Starting point is 00:29:43 I'd be coming in crying, where's ball, where's off? Shake it off, son. Shake it off. Rub some dirt on it. Dad, I'd like to shake it off, but the bone is sticking out. And I can't. Get out of the way of the TV, dish me up some ice cream. Okay, you know, that was my dad, all right? So, dads, I don't care if it wasn't modeled for you, figure it out. Because if you can't be affectionate, what's going to happen to your boys is your boys aren't going to be able to express themselves emotionally. If you can't be affectionate to your little girls, they're going to express themselves sexually. You know, most promiscuous teenagers point back to an absentee or non-affectionate father. They need that skin hunger fed, and they're going to find it fed someplace, some, somewhere. So practice. If you're not,
Starting point is 00:30:31 practice today, even just walking out to your car, put your arm around your kid. When you're watching TV, watching the football game, throw your leg over, you know, whatever it is. I mean, figure out some sit next, but whatever. If you don't know what to do, trip and fall on them, okay? And just hold them down for a little bit, okay? And just, oh, sorry, I can't get up. You know, but so start somewhere. That's all part of parenting is, is start somewhere that something is better than nothing. Here's the third thing all kids need is they need serious fun.
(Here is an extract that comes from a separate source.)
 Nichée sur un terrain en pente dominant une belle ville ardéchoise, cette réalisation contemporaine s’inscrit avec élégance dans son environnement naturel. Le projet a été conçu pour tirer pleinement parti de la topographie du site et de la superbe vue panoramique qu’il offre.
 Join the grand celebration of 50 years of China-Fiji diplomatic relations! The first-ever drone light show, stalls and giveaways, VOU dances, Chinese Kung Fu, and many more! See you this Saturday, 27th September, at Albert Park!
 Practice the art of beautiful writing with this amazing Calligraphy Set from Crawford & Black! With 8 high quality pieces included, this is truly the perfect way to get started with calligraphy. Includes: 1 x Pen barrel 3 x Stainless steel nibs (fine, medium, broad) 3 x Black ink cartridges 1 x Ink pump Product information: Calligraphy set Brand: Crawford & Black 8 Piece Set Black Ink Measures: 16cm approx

And really, the only criticism some Kathy and I have got from other people on in this book, Intentional Parenting, is this, people say, how does this make your top 10 list?
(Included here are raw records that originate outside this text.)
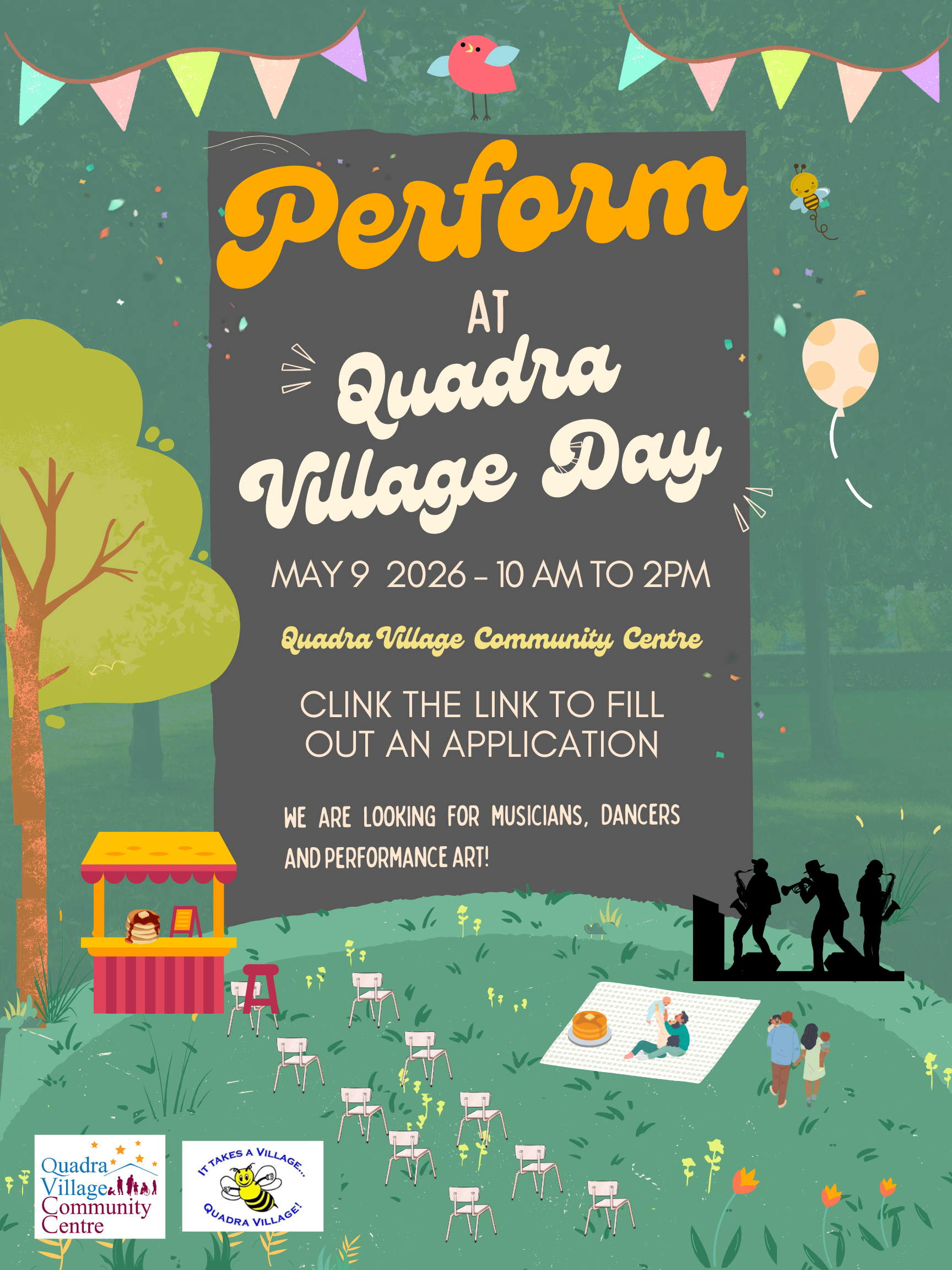 Whether you’re a solo act, part of a group, or something wonderfully unique, we’d love to hear from you. Quadra Village Day is all about showcasing local talent, creativity, and culture in a fun, welcoming atmosphere.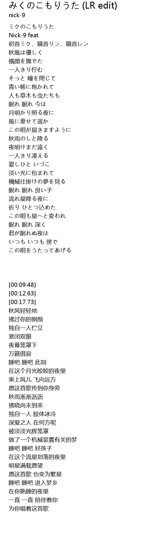 | [00:17.73] | 初音ミク、鏡音リン、鏡音レン |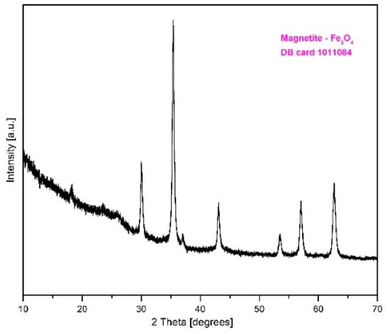 The XRD pattern (Figure 1) revealed that the analyzed sample contains only magnetite (Fe3O4) as single-phase according to the DB card 1011084; also, the active carbon is present in an amorphous phase which is not evidenced on the XRD pattern.
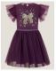 Take a bow! Designed in a rich purple hue, this dress is perfect for special occasions. Decorated with a statement bow embellishment on the bodice, it's complemented by an A-line tulle skirt featuring a sparkly waistband. Finished with ruffle sleeves. Purple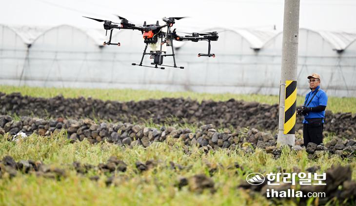 장마전선이 소강상태로 접어들며 비교적 맑은 날씨를 보인 3일 농민이 드론으로 농약을 살포하고 있다. 강희만기자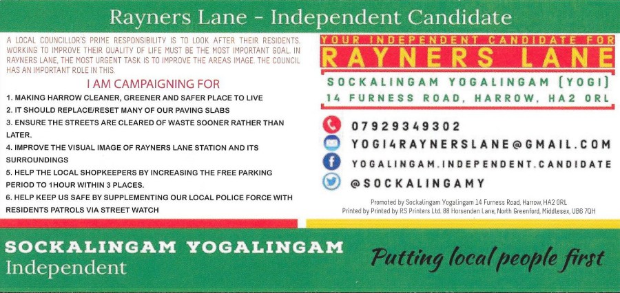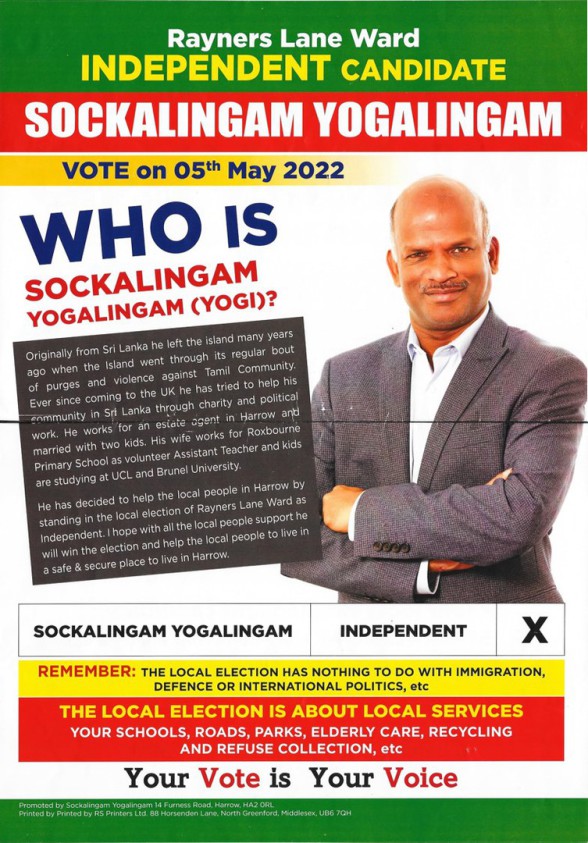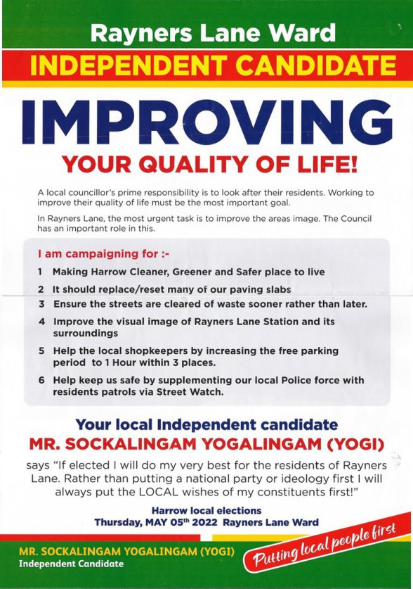 Yogalingam distributed a large election address in A3 size. The illustrations below show the front and the back of the leaflet. [Each image consists of separate scans of the top and bottom of the side, carefully 'stitched' together.]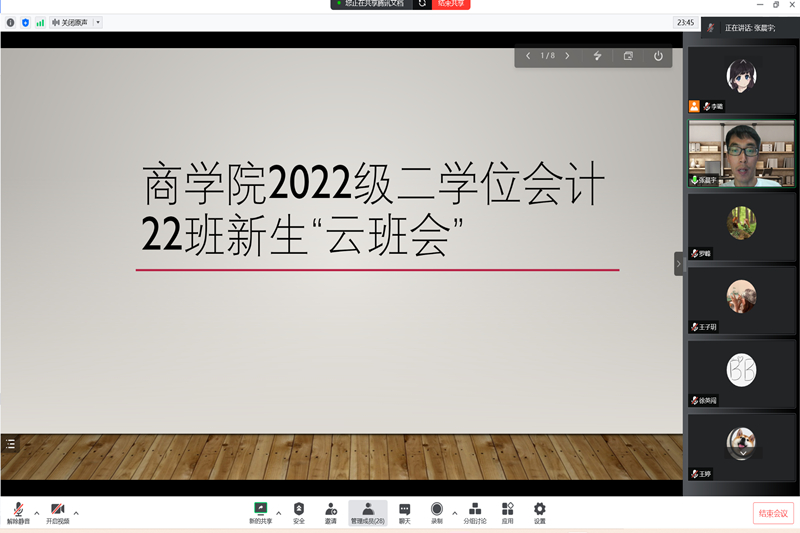 云班会结束后,会计222班彭斐老师、工商类223班龚文老师、工商类224班洪莹老师还与班里同学们互动破冰,相识云端,留下了大学阶段的第一张“云合影”作为纪念。

Starting point is 00:31:13 Really, how does fun make your top 10 list? And typically people that ask that don't really fully understand child development. Because in today's world, today's kids are more stressed out than any previous generation. You don't, you Google it. Google delayed adolescence. You know, delay, they're saying adolescence goes into 28 years old. You know, why are people 10 years ago were getting married at the age 22? now they're getting married at age 28.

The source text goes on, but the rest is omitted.